Patients with advanced hepatitis C virus are at risk of death and are candidates for liver transplantation.
After transplantation, hepatitis C recurs and may rapidly progress to cirrhosis and graft loss.
Treatment is needed to prevent progression of disease and minimize recurrence after liver transplantation.
Dr Everson and colleagues from Denver of antiviral therapy in the treatment of patients with advanced hepatits C.
The researchers evaluated the effectiveness, tolerability, and outcome of a low accelerating dose regimen.
The research team treated 124 patients, of which 81 were male between the ages of 37 and 71 years, with low accelerating dose regimen.
|Sustained virological response was 13% in patients infected with genotype 1 hepatitis C|
The team reported that 63% had clinical complications of cirrhosis including ascites, spontaneous bacterial peritonitis, varices, variceal hemorrhage, and encephalopathy.
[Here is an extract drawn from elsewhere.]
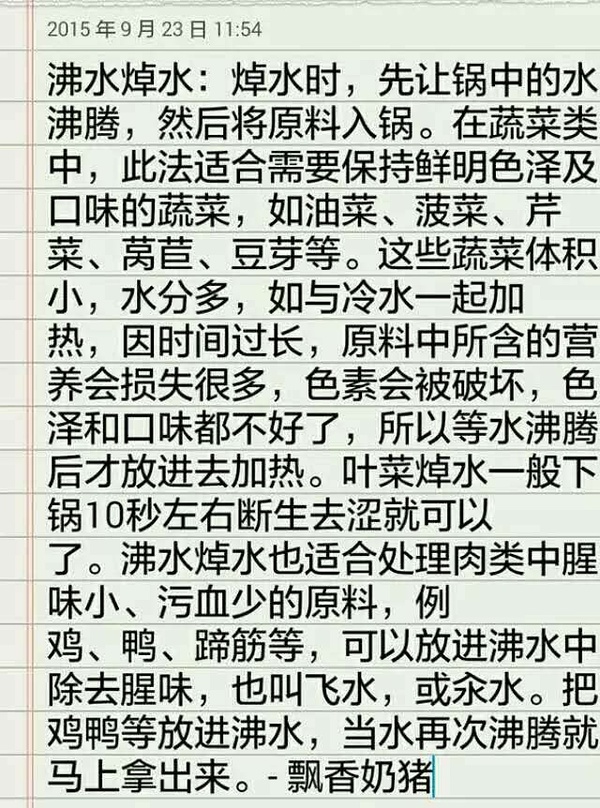 注意:关于沸水焯水的问题,我以前在我微信里发过一个从网上整理来的小贴士。今天再贴一下,供大家参考复习。
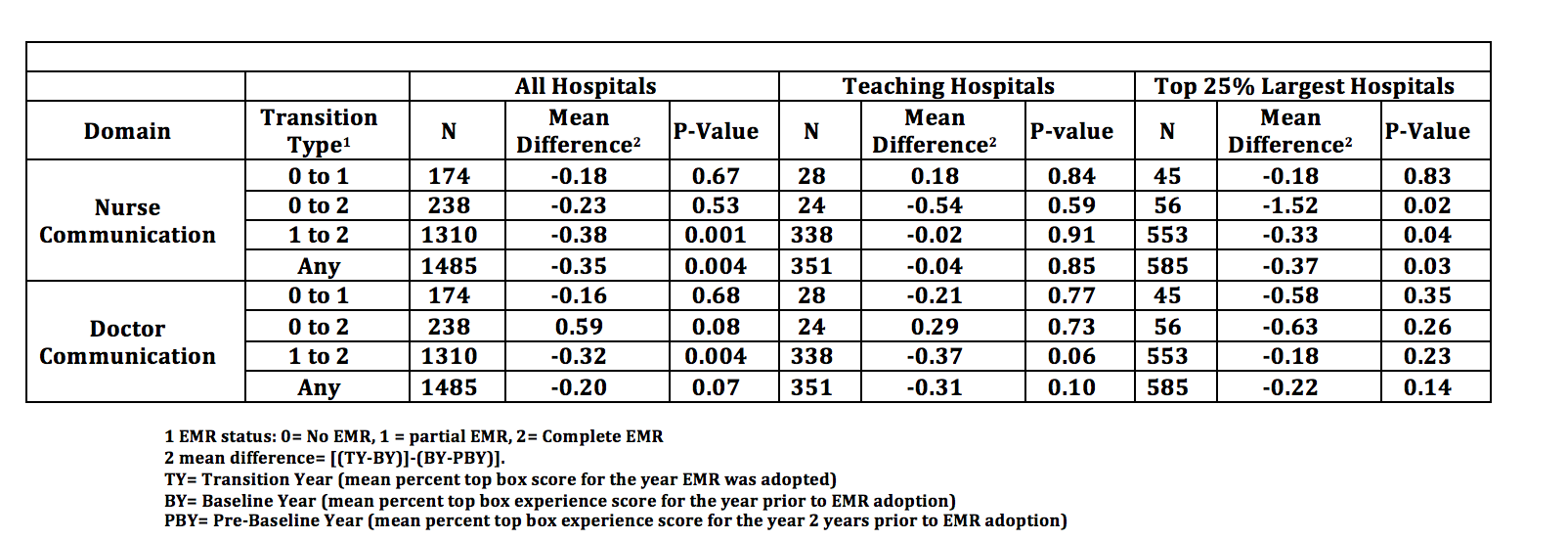 Results: There were 1485 instances reported for adoption of partial or complete EMR by hospitals. Lower nursing communication scores was associated with any type of EMR adoption (-0.35 percentage points, P=0.004) and for transition from partial to full EMR (-0.38 percentage points, P=0.001). Physician communication scores were lower for transition from partial to full EMR (-0.32, P=0.004).

The mean Child-Turcotte-Pugh score was 7, and the mean MELD score was 11.
The team noted that 56 patients were Child-Turcotte-Pugh class A, 45 were class B, and 23 were class C.
The researchers observed that 46% were hepatitis C RNA-negative at end of treatment, and 24% were hepatitis C RNA-negative at last follow-up.
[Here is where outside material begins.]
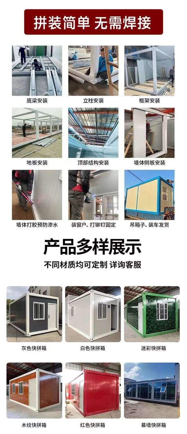 【商品介绍】旻家集装箱,优质的服务,住人集装箱快拼箱,可定制,优质材料 【商品特点】标准箱3*6*2.8共18个平方,可快速拼接,快捷方便 【注意事项】拍下后请联系客服 【物流服务】请联系客服 【价格说明】价格不含安装及运费 【售后须知】请及时沟通客服 |
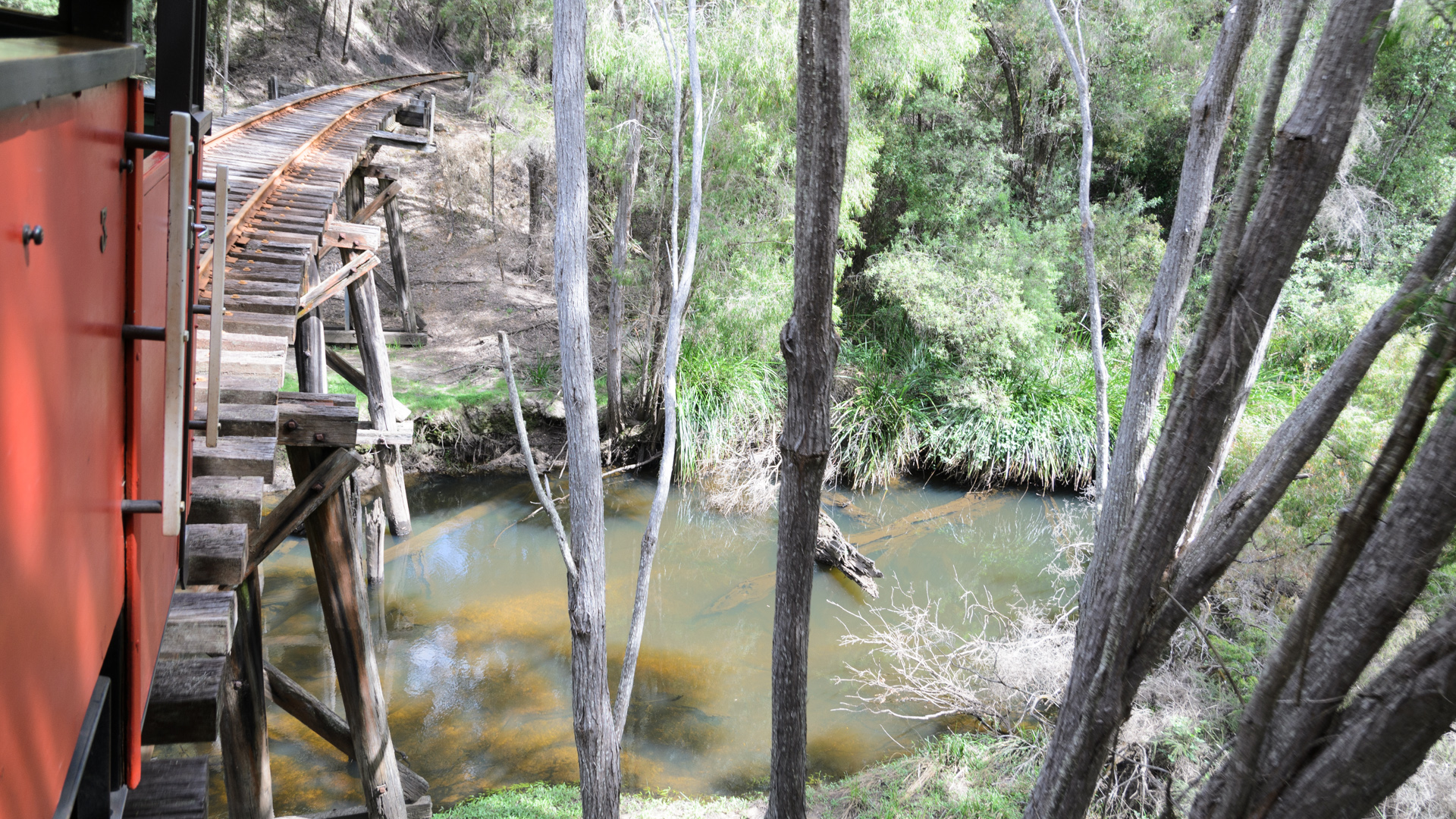 The Pemberton Tramway Co. fährt mit dieselgetriebenen Wagen die Teilstrecke einer alten Eisenbahnlinie (in den 60-ern ausser Betrieb genommen), welche für den Holztransport genutzt wurde. Die Idee war jedoch ursprünglich, Busselton mit Albany zu verbinden. Zwei Trupps haben an jedem Ende angefangen, die letzten 10km auf flachem Gelände wollte der Staat nicht mehr finanzieren, sodass die beiden Teilstrecken nie verbunden wurden.

Sustained virological response occurred in 13% of patients infected with genotype 1 hepatitis C and 50% in patients infected with non-1 genotypes.
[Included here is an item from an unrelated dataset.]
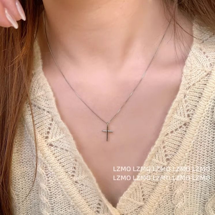 LZMO Minimalist Cross | S925 sterling silver cross necklace bracelet women's ins cold wind Japanese and Korean simple style
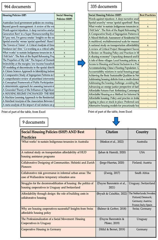 The focus of the research shifted to Phase 03, which involved sifting through 964 documents on Housing Policies. Out of these, 335 were selected concerning SHPs; from that pool, nine were chosen based on best practice studies. In Figure 2, it is possible to see the partial list of the 964 documents on Housing Policies and the partial list of the 335 documents on SHPs. The nine documents on best practices are presented in the full version.

The researchers noted that with non-1 genotype, Child-Turcotte-Pugh class A, and ability to tolerate full dose and duration of treatment were predictors of sustained virological response.
In addition, the team found that 12 of 15 patients who were hepatitis C RNA-negative before transplantation remained hepatitis C RNA-negative 6 months or more after transplantation.
Dr Everson's team concludes, “In a sizeable proportion of patients with advanced hepatitis C, low accelerating dose regimen may render blood free of hepatitis C RNA, stabilize clinical course, and prevent posttransplantation recurrence.”